When using the data of TIB, please link to the page https://av.tib.eu/opendata in order to promote the use and distribution of this data.

Datasets

Filename	Format	Size	Date created:	Version:
tib-av-portal-opendata-2025-06-30-jsonl.zip (zipped)	application/jsonl	~535MiB (unzipped ~2.2GiB)	30.06.2025	2025-06-30
tib-av-portal-opendata-2025-06-30-ttl.zip (zipped)	text/turtle	~503.1MiB (unzipped ~3.4GiB)	30.06.2025	2025-06-30

Documentation

All datasets are provided as ZIP files to download. Every ZIP file contains two files:

media.EXT: All media, including videos, audio files and offline media.
series.EXT: All corresponding series.

We offer various formats, each with its own file extension:

JSON Lines (.jsonl)
RDF Turtle (.ttl)

JSON Lines

JSON Lines format contains of one dataset per line.

For a better overview, the documentation provides an example dataset in a structured form.

Media

Type specification of the dataset: In the case of media datasets, the value “media” is always specified here.

  "type": "media",

Id of the dataset.

  "id": 1,

The length of the medium in ms.

  "duration": 100000,

Metadata for this dataset.

  "metadata": {

The different title specifications for the dataset: main title, subtitle, and alternative title.
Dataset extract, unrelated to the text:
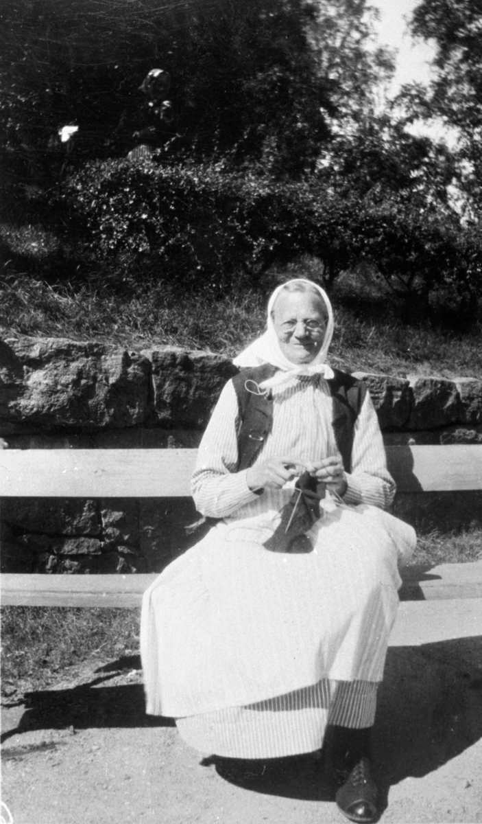 Äldre kvinna som sitter på en bänk vid Kärra Hökegård, ett försörjningshem för såväl senildementa som psykiskt sjuka, utvecklingsstörda och ensamstående mödrar. Verksamheten försvann i och med att Lackarebäckshemmet stod klart 1951.
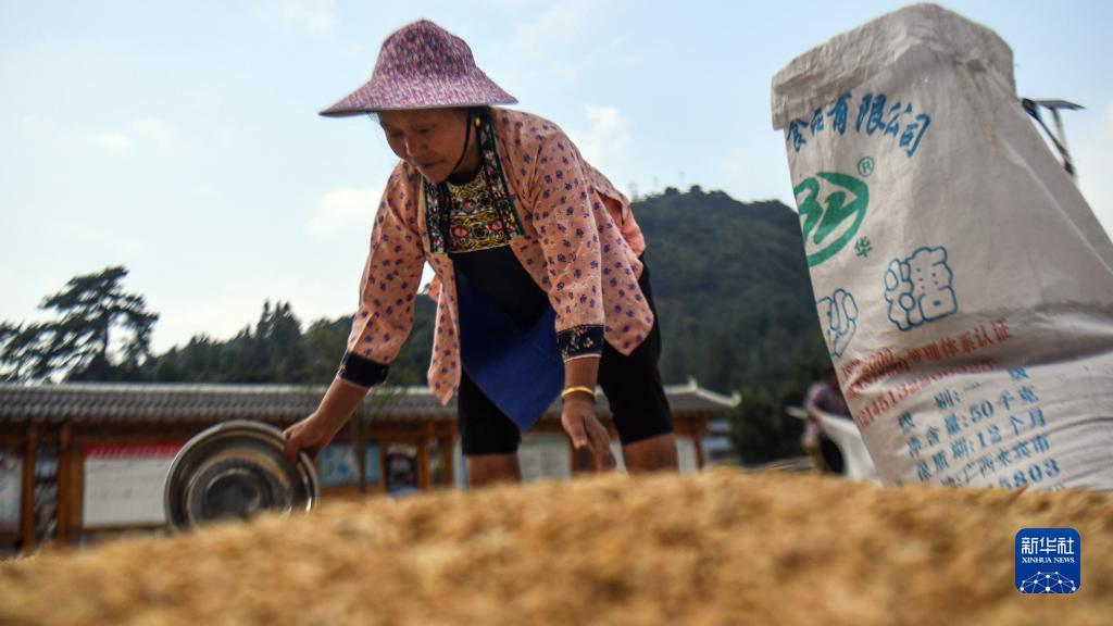 9月21日,在融水苗族自治縣紅水鄉(xiāng)良隴村,村民在收取晾曬的稻谷。

Subtitles and alternative titles can be provided multiple times.

All title specifications include a value field, which contains the title, and a lang field, which indicates the language for this title.

    "title": {
      "value": "Title",
      "lang": "en"
    },
    "subtitles": [
      {
        "value": "Subtitle",
        "lang": "en"
      },
      ...
    ],
    "alternativeTitles": [
      {
        "value": "Alternative Title",
        "lang": "en"
      },
      ...
    ],

Each dataset can have multiple abstracts. The value field contains the actual text of the abstract, while the lang field specifies the language of the abstract.

    "abstracts": [
      {
        "value": "Abstract",
        "lang": "en"
      },
      ...
    ],

A list of keywords for this dataset. The value field contains the keyword, while the lang field specifies the language of the keyword.

    "keywords": [
      {
        "value": "Keyword",
        "lang": "en"
      },
      ...
    ],

Publication Year

    "publicationYear": 2025,

Production Year (example: 2025 or 2021-2023)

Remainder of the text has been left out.